== AVAILABLE RECORDS ==
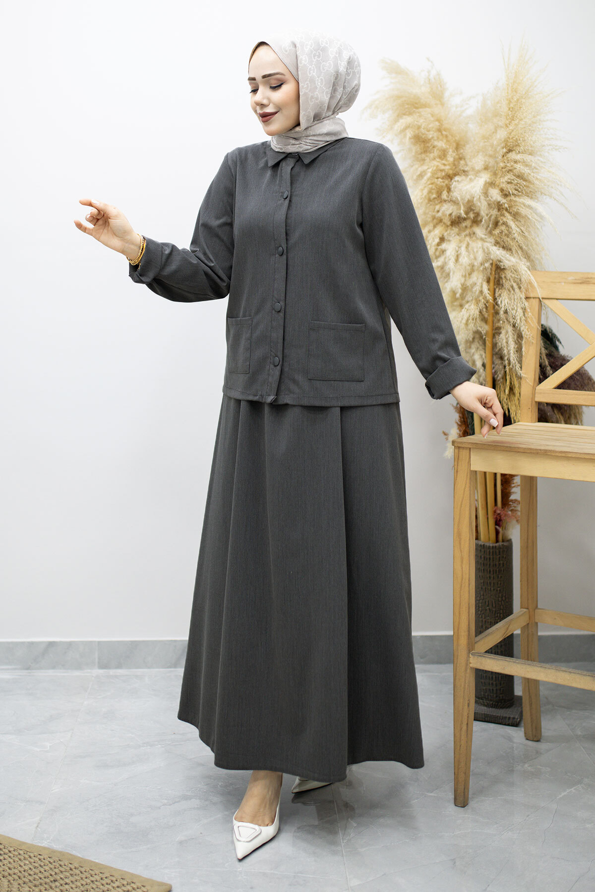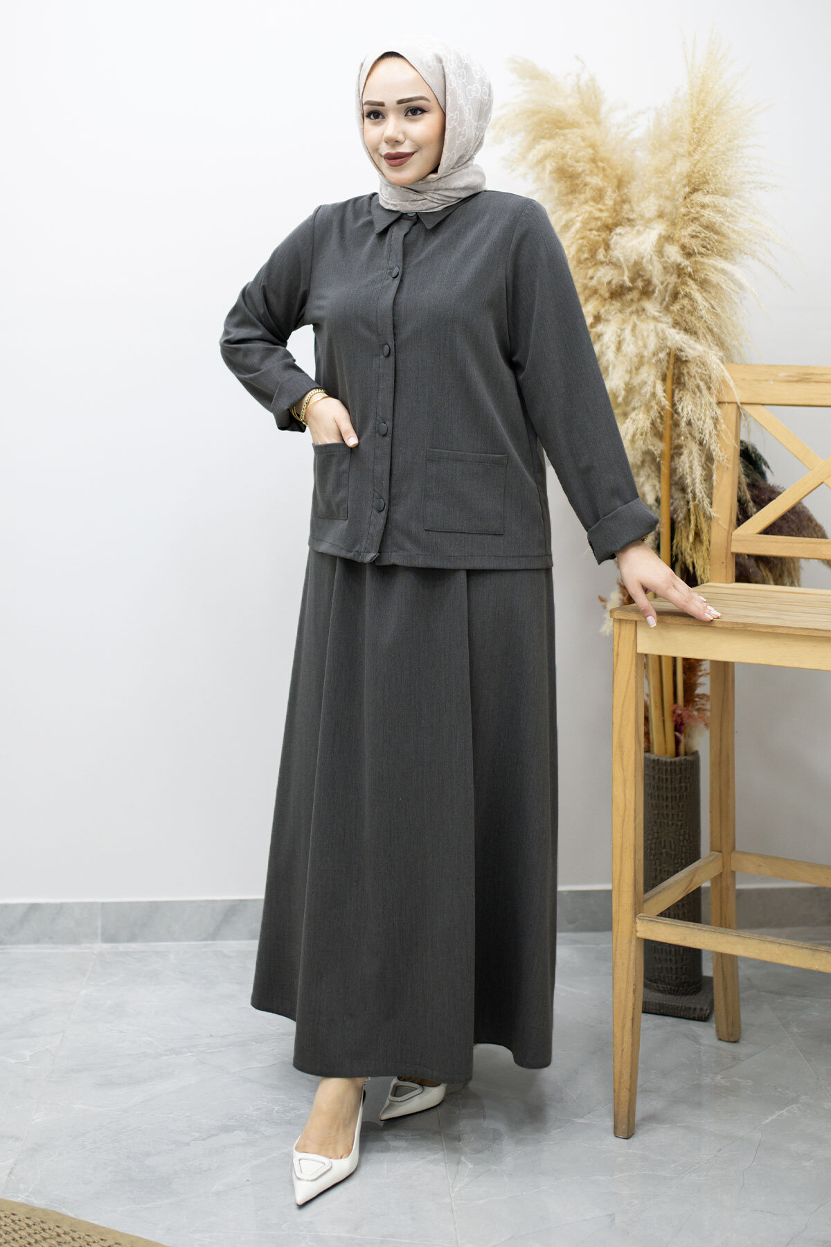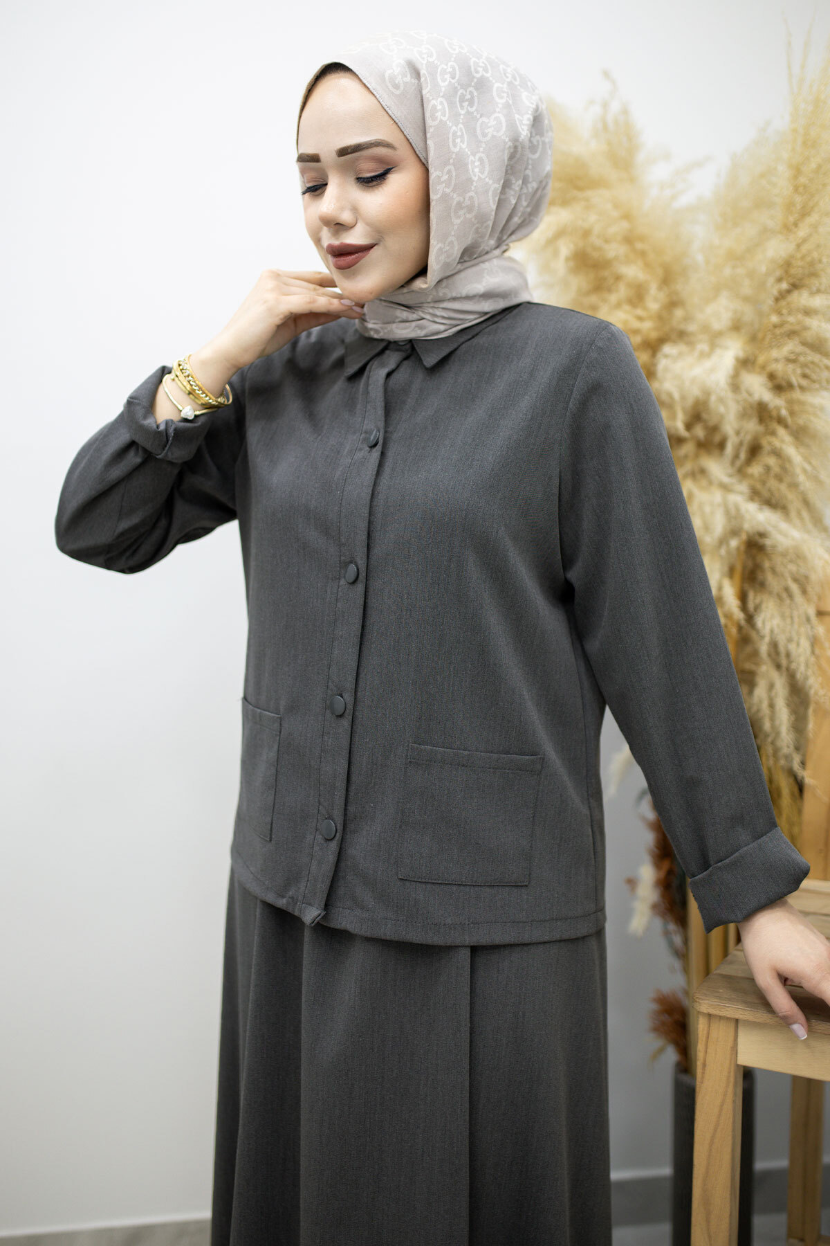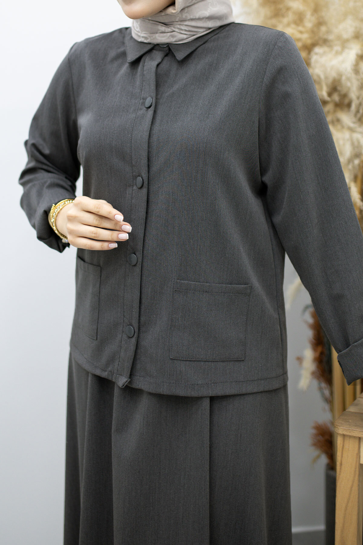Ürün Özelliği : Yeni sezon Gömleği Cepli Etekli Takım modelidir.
===
== AVAILABLE RECORDS ==
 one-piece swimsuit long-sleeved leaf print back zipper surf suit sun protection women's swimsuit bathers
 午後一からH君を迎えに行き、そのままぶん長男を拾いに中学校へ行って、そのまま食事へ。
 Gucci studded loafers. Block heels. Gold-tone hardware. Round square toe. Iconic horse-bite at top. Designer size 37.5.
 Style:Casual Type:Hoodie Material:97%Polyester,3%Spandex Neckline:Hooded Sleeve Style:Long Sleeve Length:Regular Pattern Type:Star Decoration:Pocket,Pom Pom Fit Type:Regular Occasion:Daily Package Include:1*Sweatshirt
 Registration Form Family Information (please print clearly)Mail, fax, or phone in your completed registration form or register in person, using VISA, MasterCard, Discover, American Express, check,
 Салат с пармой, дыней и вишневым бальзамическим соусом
===
== AVAILABLE RECORDS ==
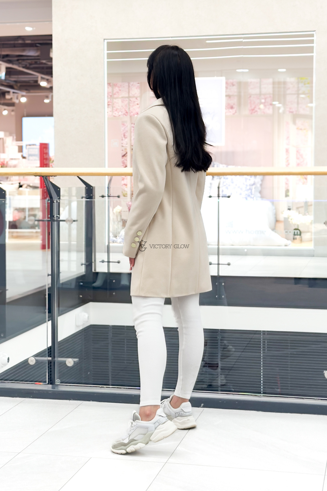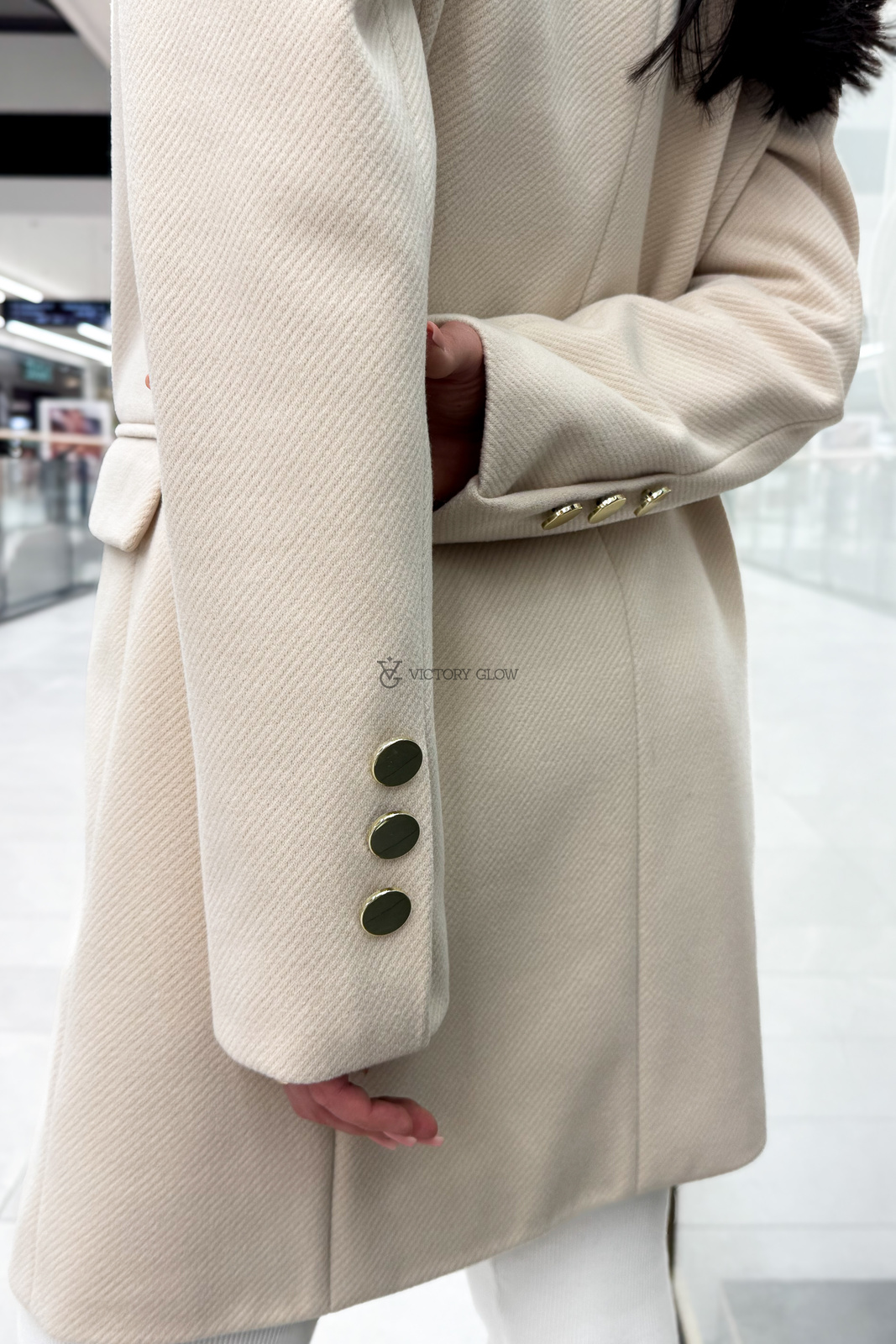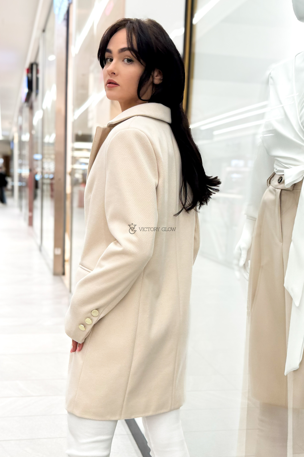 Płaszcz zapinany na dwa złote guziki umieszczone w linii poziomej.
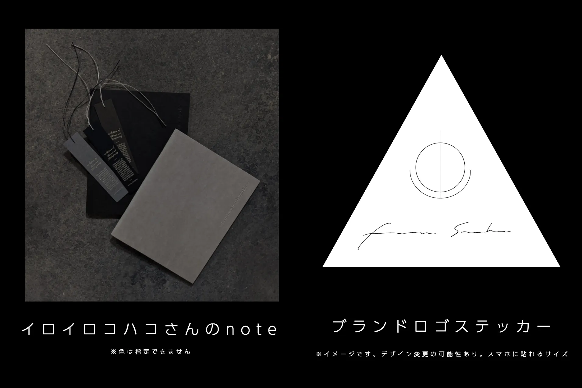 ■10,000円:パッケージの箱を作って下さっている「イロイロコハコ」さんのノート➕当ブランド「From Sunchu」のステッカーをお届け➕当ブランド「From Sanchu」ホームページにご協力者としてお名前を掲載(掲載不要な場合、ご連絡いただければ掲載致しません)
===
> PROBLEM
In how many lines of the records does the word "print" appear? Give the number alone.

> EXERCISE OUTPUT
2